ExxonMobil Starts New Low Carbon Emissions Business

ExxonMobil has historically stayed focused on fossil fuels, even as activists called for action on climate change. The Wall Street Journal points out that, “Exxon hasn't invested substantially in renewables, instead choosing to double down on oil and gas, arguing the world will need vast amounts of fossil fuels for decades to come.”

But last week, the oil giant announced a new business to commercialize its extensive low-carbon technology. The new business, called ExxonMobil Low Carbon Solutions, will start with $3 billion in investments through 2025. 

Emission reduction efforts will initially focus on carbon capture and storage. ExxonMobil outlined plans for more than 20 new opportunities, all aimed at enabling large-scale emission reductions.

The move comes after activists and investors have pressured the ExxonMobil board to do more—and do it faster—to reduce the company’s carbon footprint and improve financial outlook. 

ExxonMobil endured one of its worst financial performances ever in 2020. Engine No. 1 LLC, an activist investor group, has argued that the company should focus more on investments in clean energy while cutting costs elsewhere to preserve its dividend.

Recapturing Investors (and Carbon)

Some in the oil and gas industry see carbon capture as a way to lower the carbon footprint of fossil fuels. ExxonMobil currently uses a process called enhanced oil recovery, which pumps carbon into older oil and gas reservoirs to increase pressure and produce more fossil fuels. Most of the CO2 is pumped up from the ground as a byproduct, and then it’s processed and sold to nearby crude operators to enhance their oil recovery.

Investors and advocates claim ExxonMobil’s announcement doesn’t go far enough. Several of the projects touted by ExxonMobil aren’t even new, and the planned investments represent less than 5% of its capital budget.

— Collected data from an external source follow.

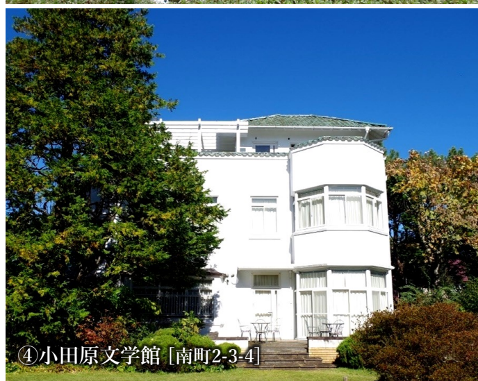
④小田原文学館 [南町2-3-4]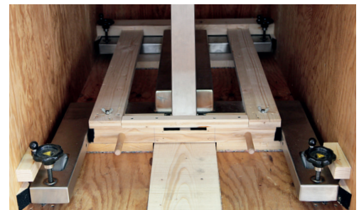
Geräte auf Rollen mit ergonomischen Einlagen fixiert.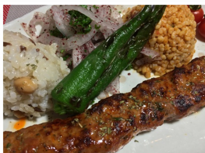
Urfa kebab ウルファケバブ

1,520円 トルコ中南部アダナ地域のケバブ ラム挽肉100%のスパイシーケバブ 辛いのが苦手な方は ウルファケバブをどうぞ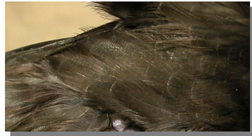
Vencejo común. Diseño del flanco: plumas con borde blanco en la punta poco marcado.

Coalition United for a Responsible Exxon (CURE), a global spectrum of stakeholders focused on sustainability, wrote in a statement, “Exxon has ignored both the desires of its key stakeholders and the financial risks and opportunities of the transition happening in energy markets toward cleaner, more sustainable forms of energy. This is no longer tenable.”

Another loud voice working to push for sustainability practices at ExxonMobil is Engine No. 1, an activist investment firm. In its response to the announcement, it said, “Today’s patchwork of announcements do not materially alter ExxonMobil’s long-term trajectory nor do they position it to succeed in a changing world.” 

These activist investor groups have been calling for ExxonMobil to refresh its board and to put a larger focus on green initiatives. 

Asking for Green

As it announces these carbon capture initiatives, ExxonMobil is pushing for government support to make the technology more commercially attractive. It has supported an existing tax credit in the U.S. (45Q, for those who want to follow along at home) for companies that capture and store carbon. In general, oil majors have been unwilling to invest heavily in carbon capture without extra government support or regulation.

When it comes down to it, we see the ExxonMobil announcement as a big deal, coming from a company historically focused on maximizing traditional fossil fuels and ignoring the activist shareholders or pivoting for the energy transition.